May 1977. The Sex Pistols' God Save The Queen reached number 2 in the charts, Liverpool were crowned league champions for the second successive season and Tony Parsons and Julie Burchill were still considered hip young gun-slingers.
Fast forward three decades or so and Johnny Rotten is doing ads for Country Life butter, the last time Liverpool won successive titles Steven Gerrard was barely out of nappies, Parsons pens novels about family life and Burchill was, until relatively recently, a broadsheet columnist.
The world has moved on, you might say. But not so far that anyone looking to endow a product with instant attitude doesn't still use punk as a touchstone. And so it is with the latest "irreverent, attitudinal, edgy" magazine, Football Punk, due to hit the news-stand this week.
"In true punk tradition," begins Richard Lenton's ed's letter in the Football Punk sampler. Really?
At 36, I'm a little too young to remember the "punk wars" - by all accounts a bit like the Napoleonic wars only snottier - but I'm pretty sure whatever ideology the Bromley contingent et al believed they were fighting for, it didn't involve Danielle Bux getting her kit off...again.

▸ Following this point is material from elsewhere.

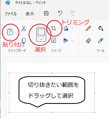 トリミング(切り抜き): 選択ボタンを押してから切り抜き範囲をドラッグして → トリミングボタン

All that said, at first glance, the launch seems to make sense for publisher JF Media - part-owned by former footballer Phil Babb and already in the sports magazine sector with recently relaunched sister title Golf Punk International.

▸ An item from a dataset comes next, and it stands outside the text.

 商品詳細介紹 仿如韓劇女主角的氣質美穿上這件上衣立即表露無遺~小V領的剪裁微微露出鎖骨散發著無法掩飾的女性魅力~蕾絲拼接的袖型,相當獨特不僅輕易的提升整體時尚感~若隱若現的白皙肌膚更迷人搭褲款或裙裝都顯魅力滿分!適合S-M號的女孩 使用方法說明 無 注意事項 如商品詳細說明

However, a quick check on the numbers and one struggles to find the logic. Last year, Golf Punk had an ABC of 14,928, Jan-Dec, with just less than 10,000 copies being full-price news-stand sales. At that level, especially in the current climate, you can't imagine it's generating an overly lucrative page yield.

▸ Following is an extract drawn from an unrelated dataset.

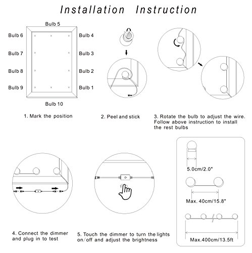 13.5ft/4m in full length makes it fit most mirrors. Excess wires can be hidden under the bulbs to keep your mirror neat after installation. The extra bulbs can be cut off .

A healthy cross-sell also looks unlikely. Out of about 30 pages of ads in the latest 184-page issue of Golf Punk, including classifieds, just five were not specifically golf-related. And of those, only the single page for sportswear brand Fila would seem an obvious fit for a football spin-off.
With an ABC of 105,531, Four Four Two shows if you get the product right, there is an appetite for a monthly football glossy, despite the wider media, from tabloids to dedicated radio stations, being awash with football coverage.
And if just a tiny proportion of the billions generated by the Premier League gets used to help support creative, independent publishing, that has to be a good thing.
But, while applauding their endeavour, to launch a monthly sports mag, with the ad market in possibly its worst slump ever, in the bizarre words of Steve McClaren, they are "not jusht underdogsh, but mashive underdogsh".